## EXERCISE DIRECTIONS
Output the listing word for word, minus pictures.

## INPUT DATA
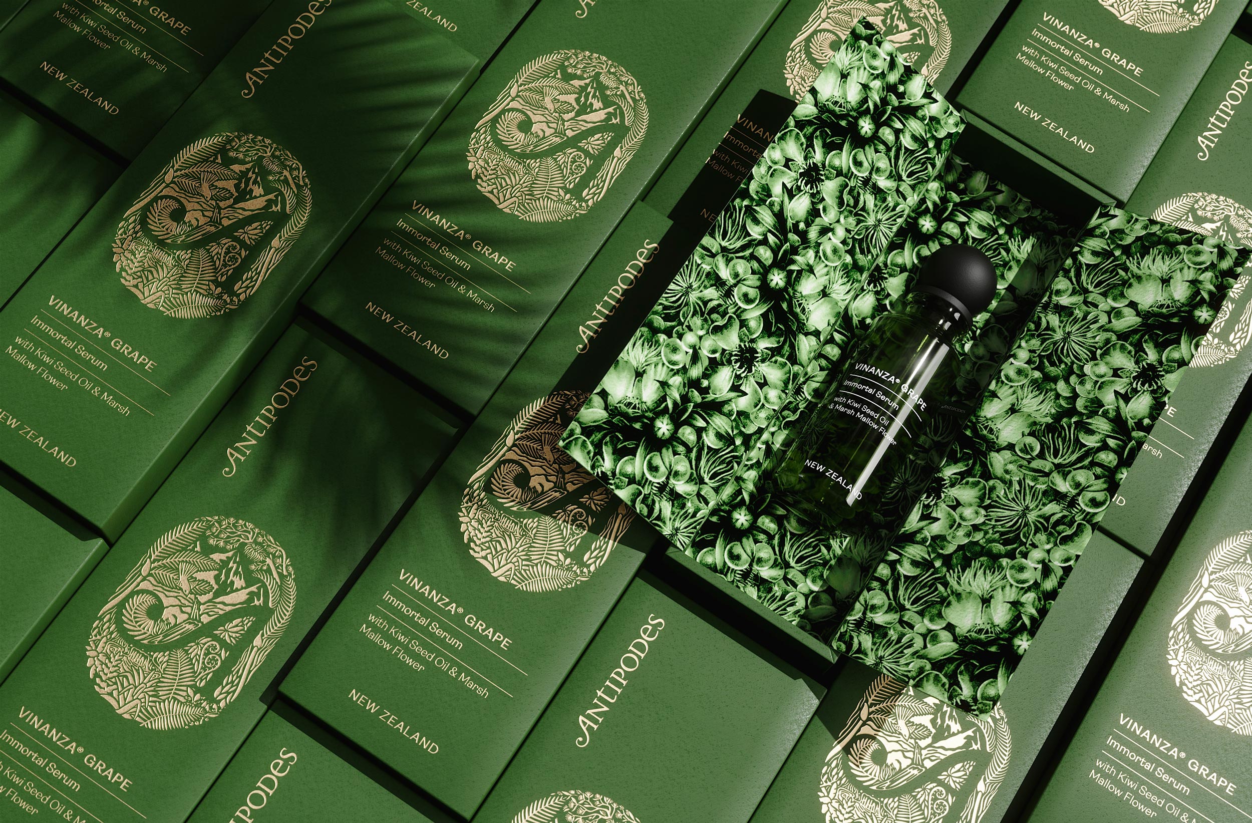 “Vinanza Grape 是一种革命性的抗氧化提取物,可持续地源自马尔堡长相思葡萄籽的副产品。” – 这一声明是我们对新 Antipodes 设计理念的主要灵感。
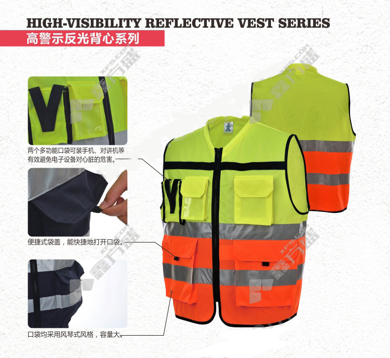 uncle an high warning reflective vest XXXL code fluorescent yellow and orange JJ-A856 M code /fluorescent yellow and orange /JJ-A856
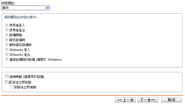 附註:設備啟動時,ZENworks® Adaptive Agent 會根據設備重新整理排程聯絡 ZENworks 伺服器,以重新整理設備的套裝軟體、規則、組態和登錄資訊。若資訊有變更,調適性代理程式必須在這些變更出現於設備之前先重新整理其資訊,即使發生了一個事件觸發項目亦如此。依預設,設備啟動之後會進行 300 到 360 秒的隨機重新整理,並每隔 12 小時進行一次全面的重新整理。
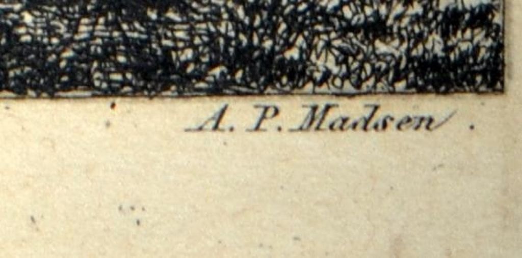 Madsen, Andreas Peter (1822 - 1911) Danmark: Affaldsdynge ved Fannerup, Randers Amt. Radering. Signeret. 19 x 26,5 cm.

## ANSWER TO THE EXERCISE
 “Vinanza Grape 是一种革命性的抗氧化提取物,可持续地源自马尔堡长相思葡萄籽的副产品。” – 这一声明是我们对新 Antipodes 设计理念的主要灵感。
 uncle an high warning reflective vest XXXL code fluorescent yellow and orange JJ-A856 M code /fluorescent yellow and orange /JJ-A856
 附註:設備啟動時,ZENworks® Adaptive Agent 會根據設備重新整理排程聯絡 ZENworks 伺服器,以重新整理設備的套裝軟體、規則、組態和登錄資訊。若資訊有變更,調適性代理程式必須在這些變更出現於設備之前先重新整理其資訊,即使發生了一個事件觸發項目亦如此。依預設,設備啟動之後會進行 300 到 360 秒的隨機重新整理,並每隔 12 小時進行一次全面的重新整理。
 Madsen, Andreas Peter (1822 - 1911) Danmark: Affaldsdynge ved Fannerup, Randers Amt. Radering. Signeret. 19 x 26,5 cm.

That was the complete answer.